In the listing below, find the line holding "2022年11月10日20:00,公司2" and the line holding "to stay aware". Write out those two lines and all lines between, exactly, and nothing more.
=== Supplied records ===
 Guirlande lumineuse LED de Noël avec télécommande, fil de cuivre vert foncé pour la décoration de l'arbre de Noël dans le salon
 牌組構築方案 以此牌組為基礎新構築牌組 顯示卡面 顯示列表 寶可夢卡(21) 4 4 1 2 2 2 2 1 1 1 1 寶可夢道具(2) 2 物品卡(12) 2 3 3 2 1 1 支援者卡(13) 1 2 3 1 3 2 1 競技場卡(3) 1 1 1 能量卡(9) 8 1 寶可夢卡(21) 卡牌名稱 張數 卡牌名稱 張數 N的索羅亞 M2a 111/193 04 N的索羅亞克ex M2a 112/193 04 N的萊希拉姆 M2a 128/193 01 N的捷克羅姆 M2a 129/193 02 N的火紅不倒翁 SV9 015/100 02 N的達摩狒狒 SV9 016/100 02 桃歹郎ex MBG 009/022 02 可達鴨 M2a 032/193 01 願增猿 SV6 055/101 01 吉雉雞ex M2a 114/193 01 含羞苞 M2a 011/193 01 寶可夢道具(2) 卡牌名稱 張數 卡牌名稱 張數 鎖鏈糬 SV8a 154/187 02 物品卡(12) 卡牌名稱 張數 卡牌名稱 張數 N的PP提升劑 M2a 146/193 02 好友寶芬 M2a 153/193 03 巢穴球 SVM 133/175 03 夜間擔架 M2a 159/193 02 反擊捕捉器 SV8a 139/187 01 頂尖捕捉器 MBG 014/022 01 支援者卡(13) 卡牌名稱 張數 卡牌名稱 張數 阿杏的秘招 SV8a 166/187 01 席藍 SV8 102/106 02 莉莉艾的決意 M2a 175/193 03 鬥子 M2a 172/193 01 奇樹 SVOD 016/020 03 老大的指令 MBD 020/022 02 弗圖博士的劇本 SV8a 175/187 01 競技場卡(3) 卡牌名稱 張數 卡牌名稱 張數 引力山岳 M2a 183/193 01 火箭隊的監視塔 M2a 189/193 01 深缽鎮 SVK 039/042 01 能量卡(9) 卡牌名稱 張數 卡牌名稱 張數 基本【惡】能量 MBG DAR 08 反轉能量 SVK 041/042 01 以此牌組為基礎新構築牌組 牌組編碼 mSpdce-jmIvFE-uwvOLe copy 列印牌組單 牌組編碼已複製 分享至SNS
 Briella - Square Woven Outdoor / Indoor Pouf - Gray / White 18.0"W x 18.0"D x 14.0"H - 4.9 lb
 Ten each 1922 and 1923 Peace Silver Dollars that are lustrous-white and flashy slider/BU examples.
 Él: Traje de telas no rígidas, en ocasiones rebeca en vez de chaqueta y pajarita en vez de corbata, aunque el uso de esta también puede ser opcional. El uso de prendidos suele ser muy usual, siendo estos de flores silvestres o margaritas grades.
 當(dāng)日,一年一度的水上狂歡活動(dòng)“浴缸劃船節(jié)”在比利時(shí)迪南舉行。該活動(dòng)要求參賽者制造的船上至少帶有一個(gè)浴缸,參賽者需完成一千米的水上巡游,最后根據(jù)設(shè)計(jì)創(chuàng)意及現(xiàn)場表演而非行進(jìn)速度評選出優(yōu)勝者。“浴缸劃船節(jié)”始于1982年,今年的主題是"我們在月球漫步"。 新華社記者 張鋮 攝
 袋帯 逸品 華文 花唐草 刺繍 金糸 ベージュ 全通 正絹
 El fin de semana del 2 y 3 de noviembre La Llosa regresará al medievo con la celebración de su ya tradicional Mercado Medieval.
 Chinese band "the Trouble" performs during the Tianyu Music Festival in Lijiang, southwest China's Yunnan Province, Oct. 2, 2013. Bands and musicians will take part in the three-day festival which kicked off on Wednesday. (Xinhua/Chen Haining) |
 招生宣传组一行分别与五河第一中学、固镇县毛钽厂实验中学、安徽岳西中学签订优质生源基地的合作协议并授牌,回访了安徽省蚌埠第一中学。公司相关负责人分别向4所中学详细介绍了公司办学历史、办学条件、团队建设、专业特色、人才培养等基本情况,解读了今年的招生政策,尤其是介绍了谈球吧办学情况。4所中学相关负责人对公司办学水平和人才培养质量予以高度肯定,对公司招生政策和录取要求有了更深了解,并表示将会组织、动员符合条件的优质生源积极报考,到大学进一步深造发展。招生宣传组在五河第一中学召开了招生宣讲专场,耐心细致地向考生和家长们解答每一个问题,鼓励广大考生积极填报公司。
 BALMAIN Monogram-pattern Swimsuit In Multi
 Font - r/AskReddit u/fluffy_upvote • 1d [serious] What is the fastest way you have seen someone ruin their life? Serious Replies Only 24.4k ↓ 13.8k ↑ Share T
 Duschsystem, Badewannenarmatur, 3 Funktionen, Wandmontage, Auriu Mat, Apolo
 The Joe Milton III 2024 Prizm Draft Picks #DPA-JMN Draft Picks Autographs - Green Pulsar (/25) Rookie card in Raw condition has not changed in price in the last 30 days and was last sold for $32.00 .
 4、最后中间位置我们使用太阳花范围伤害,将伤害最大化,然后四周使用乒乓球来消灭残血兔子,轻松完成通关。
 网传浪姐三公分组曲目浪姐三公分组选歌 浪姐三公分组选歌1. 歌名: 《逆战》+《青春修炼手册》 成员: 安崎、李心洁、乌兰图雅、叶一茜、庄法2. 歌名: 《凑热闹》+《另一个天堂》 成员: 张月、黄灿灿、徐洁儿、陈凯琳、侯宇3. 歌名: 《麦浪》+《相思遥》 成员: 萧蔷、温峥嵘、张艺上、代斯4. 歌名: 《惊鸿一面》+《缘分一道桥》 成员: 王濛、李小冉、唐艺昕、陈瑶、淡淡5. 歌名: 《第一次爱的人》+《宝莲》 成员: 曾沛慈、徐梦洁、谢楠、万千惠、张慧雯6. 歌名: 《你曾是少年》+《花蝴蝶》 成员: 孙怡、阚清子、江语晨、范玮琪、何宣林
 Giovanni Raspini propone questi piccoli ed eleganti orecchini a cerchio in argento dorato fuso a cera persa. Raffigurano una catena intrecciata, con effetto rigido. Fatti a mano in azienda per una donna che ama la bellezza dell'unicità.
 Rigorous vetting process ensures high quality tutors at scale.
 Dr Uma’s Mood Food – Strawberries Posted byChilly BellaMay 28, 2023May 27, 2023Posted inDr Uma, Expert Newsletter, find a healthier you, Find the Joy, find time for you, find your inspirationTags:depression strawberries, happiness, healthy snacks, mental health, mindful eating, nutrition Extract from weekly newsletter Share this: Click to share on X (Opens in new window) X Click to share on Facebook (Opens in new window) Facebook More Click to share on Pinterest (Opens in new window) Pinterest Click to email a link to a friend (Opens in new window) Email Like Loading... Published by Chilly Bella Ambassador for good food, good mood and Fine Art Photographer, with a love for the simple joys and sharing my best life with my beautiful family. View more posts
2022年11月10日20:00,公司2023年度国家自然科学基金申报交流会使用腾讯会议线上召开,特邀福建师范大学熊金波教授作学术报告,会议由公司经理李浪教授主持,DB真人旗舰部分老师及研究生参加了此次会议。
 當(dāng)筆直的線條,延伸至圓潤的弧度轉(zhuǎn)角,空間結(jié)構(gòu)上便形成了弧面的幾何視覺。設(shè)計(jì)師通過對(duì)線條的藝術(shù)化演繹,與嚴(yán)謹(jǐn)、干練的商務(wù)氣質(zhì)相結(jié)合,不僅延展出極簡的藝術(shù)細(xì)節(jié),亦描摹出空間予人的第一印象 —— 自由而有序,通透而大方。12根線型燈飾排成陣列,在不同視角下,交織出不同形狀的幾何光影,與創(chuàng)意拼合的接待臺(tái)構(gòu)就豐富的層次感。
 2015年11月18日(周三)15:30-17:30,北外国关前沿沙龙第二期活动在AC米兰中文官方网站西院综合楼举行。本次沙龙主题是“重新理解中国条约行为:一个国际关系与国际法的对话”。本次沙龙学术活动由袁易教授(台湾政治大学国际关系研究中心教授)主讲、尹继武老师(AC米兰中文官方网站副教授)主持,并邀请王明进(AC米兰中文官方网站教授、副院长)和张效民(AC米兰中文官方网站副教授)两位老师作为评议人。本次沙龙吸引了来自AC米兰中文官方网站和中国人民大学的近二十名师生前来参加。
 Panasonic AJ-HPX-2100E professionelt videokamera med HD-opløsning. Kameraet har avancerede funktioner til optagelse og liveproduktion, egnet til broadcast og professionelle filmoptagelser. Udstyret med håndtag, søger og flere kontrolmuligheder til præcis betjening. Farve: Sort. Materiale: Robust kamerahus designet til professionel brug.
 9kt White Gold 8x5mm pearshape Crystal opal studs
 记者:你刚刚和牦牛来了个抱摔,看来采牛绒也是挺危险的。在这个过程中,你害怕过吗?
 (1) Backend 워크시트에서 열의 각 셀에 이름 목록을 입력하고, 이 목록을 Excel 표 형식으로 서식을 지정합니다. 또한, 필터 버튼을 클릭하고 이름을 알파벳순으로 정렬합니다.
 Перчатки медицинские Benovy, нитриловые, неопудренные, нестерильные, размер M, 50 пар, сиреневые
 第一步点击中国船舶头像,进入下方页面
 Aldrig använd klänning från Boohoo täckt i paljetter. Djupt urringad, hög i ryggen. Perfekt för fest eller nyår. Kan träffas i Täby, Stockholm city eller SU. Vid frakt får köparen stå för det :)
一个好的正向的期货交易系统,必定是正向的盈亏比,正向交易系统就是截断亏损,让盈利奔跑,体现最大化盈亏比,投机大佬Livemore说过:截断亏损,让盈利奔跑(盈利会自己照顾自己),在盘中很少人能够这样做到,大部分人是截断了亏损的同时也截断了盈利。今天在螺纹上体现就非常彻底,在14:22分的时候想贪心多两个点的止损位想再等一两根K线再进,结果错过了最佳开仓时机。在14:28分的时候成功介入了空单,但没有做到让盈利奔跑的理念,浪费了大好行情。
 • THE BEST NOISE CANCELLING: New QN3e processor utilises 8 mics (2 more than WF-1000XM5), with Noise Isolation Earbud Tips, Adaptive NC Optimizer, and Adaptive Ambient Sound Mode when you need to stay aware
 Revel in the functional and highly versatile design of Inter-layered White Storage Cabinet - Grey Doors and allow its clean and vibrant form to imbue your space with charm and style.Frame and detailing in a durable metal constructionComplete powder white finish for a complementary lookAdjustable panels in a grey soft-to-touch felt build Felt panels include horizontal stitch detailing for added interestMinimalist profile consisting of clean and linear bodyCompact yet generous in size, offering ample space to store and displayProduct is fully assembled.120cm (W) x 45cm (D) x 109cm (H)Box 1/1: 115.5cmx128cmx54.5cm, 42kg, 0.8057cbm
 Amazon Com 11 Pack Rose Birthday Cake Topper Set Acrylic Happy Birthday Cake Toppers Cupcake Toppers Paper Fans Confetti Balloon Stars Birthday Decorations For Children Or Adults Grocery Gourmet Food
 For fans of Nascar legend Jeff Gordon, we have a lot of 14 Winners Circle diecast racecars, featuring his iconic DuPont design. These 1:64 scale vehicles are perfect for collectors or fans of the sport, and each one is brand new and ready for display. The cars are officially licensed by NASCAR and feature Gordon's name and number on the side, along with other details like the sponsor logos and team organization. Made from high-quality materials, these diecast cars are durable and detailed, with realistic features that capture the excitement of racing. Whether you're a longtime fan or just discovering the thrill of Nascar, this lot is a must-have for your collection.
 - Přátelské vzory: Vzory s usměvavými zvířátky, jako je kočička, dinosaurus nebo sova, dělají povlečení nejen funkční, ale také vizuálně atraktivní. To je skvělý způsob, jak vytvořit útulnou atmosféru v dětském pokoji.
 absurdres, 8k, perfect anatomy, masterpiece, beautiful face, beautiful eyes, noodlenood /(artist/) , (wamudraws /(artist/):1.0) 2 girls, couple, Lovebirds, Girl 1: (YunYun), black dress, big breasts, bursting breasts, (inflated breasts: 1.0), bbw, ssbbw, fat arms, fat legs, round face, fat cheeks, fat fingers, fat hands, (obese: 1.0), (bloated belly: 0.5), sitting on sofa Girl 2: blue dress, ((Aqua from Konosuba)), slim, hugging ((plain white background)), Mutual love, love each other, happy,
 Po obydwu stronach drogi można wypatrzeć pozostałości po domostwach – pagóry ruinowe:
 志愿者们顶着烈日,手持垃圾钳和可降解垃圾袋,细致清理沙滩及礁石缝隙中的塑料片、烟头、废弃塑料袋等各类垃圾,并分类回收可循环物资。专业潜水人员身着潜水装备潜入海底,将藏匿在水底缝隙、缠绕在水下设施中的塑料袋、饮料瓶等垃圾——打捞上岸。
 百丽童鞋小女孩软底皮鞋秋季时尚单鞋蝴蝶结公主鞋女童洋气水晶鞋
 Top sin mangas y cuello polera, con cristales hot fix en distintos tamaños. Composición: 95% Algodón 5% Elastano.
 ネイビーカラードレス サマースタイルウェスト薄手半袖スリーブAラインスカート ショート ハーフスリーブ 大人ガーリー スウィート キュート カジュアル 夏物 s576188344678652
===
* **Result below**
2022年11月10日20:00,公司2023年度国家自然科学基金申报交流会使用腾讯会议线上召开,特邀福建师范大学熊金波教授作学术报告,会议由公司经理李浪教授主持,DB真人旗舰部分老师及研究生参加了此次会议。
 當(dāng)筆直的線條,延伸至圓潤的弧度轉(zhuǎn)角,空間結(jié)構(gòu)上便形成了弧面的幾何視覺。設(shè)計(jì)師通過對(duì)線條的藝術(shù)化演繹,與嚴(yán)謹(jǐn)、干練的商務(wù)氣質(zhì)相結(jié)合,不僅延展出極簡的藝術(shù)細(xì)節(jié),亦描摹出空間予人的第一印象 —— 自由而有序,通透而大方。12根線型燈飾排成陣列,在不同視角下,交織出不同形狀的幾何光影,與創(chuàng)意拼合的接待臺(tái)構(gòu)就豐富的層次感。
 2015年11月18日(周三)15:30-17:30,北外国关前沿沙龙第二期活动在AC米兰中文官方网站西院综合楼举行。本次沙龙主题是“重新理解中国条约行为:一个国际关系与国际法的对话”。本次沙龙学术活动由袁易教授(台湾政治大学国际关系研究中心教授)主讲、尹继武老师(AC米兰中文官方网站副教授)主持,并邀请王明进(AC米兰中文官方网站教授、副院长)和张效民(AC米兰中文官方网站副教授)两位老师作为评议人。本次沙龙吸引了来自AC米兰中文官方网站和中国人民大学的近二十名师生前来参加。
 Panasonic AJ-HPX-2100E professionelt videokamera med HD-opløsning. Kameraet har avancerede funktioner til optagelse og liveproduktion, egnet til broadcast og professionelle filmoptagelser. Udstyret med håndtag, søger og flere kontrolmuligheder til præcis betjening. Farve: Sort. Materiale: Robust kamerahus designet til professionel brug.
 9kt White Gold 8x5mm pearshape Crystal opal studs
 记者:你刚刚和牦牛来了个抱摔,看来采牛绒也是挺危险的。在这个过程中,你害怕过吗?
 (1) Backend 워크시트에서 열의 각 셀에 이름 목록을 입력하고, 이 목록을 Excel 표 형식으로 서식을 지정합니다. 또한, 필터 버튼을 클릭하고 이름을 알파벳순으로 정렬합니다.
 Перчатки медицинские Benovy, нитриловые, неопудренные, нестерильные, размер M, 50 пар, сиреневые
 第一步点击中国船舶头像,进入下方页面
 Aldrig använd klänning från Boohoo täckt i paljetter. Djupt urringad, hög i ryggen. Perfekt för fest eller nyår. Kan träffas i Täby, Stockholm city eller SU. Vid frakt får köparen stå för det :)
一个好的正向的期货交易系统,必定是正向的盈亏比,正向交易系统就是截断亏损,让盈利奔跑,体现最大化盈亏比,投机大佬Livemore说过:截断亏损,让盈利奔跑(盈利会自己照顾自己),在盘中很少人能够这样做到,大部分人是截断了亏损的同时也截断了盈利。今天在螺纹上体现就非常彻底,在14:22分的时候想贪心多两个点的止损位想再等一两根K线再进,结果错过了最佳开仓时机。在14:28分的时候成功介入了空单,但没有做到让盈利奔跑的理念,浪费了大好行情。
 • THE BEST NOISE CANCELLING: New QN3e processor utilises 8 mics (2 more than WF-1000XM5), with Noise Isolation Earbud Tips, Adaptive NC Optimizer, and Adaptive Ambient Sound Mode when you need to stay aware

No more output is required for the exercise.